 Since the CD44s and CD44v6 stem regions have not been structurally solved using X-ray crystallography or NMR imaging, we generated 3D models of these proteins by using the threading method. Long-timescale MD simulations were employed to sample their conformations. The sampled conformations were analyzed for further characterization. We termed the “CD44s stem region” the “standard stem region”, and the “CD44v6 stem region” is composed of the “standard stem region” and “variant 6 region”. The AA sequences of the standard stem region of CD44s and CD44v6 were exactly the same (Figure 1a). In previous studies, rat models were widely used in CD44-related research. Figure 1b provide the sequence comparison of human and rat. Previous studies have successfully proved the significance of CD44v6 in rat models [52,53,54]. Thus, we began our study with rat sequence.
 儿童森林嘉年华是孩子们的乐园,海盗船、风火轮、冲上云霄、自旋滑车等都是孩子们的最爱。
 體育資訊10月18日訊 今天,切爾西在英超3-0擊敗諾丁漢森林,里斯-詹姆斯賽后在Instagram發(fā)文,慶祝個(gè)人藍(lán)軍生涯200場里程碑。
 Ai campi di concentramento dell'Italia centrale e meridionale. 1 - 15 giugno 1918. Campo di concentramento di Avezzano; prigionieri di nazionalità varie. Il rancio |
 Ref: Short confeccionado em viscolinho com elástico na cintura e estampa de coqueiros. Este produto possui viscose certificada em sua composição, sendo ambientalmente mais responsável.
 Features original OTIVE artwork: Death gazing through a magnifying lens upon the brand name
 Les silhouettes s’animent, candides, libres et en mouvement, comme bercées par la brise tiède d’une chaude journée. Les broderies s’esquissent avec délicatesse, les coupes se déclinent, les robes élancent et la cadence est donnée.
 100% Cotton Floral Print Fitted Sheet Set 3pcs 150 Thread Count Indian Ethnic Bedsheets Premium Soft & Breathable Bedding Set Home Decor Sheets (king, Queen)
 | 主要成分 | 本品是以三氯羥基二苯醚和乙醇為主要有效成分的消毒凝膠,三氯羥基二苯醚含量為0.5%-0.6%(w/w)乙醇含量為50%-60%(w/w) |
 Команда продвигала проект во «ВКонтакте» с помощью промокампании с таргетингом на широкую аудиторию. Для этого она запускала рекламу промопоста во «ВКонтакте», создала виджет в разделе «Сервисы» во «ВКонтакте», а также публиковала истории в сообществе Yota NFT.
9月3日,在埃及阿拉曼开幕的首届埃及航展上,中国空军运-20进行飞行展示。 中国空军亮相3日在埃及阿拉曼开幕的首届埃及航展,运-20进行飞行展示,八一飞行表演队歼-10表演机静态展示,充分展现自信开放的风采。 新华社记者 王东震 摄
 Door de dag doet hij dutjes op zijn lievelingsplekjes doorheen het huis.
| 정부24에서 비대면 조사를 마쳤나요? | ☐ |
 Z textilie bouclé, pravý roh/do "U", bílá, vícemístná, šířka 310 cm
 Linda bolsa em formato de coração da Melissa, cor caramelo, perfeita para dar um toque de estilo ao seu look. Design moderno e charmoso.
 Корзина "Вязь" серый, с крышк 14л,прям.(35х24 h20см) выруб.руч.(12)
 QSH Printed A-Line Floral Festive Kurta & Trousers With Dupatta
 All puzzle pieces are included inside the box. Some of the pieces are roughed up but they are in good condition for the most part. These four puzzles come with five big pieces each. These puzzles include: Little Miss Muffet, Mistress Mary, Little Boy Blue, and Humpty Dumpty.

> [What you should do] Look over the entries for "Floral", then copy every line that includes that string.

> [Solution to this exercise]
 100% Cotton Floral Print Fitted Sheet Set 3pcs 150 Thread Count Indian Ethnic Bedsheets Premium Soft & Breathable Bedding Set Home Decor Sheets (king, Queen)
 QSH Printed A-Line Floral Festive Kurta & Trousers With Dupatta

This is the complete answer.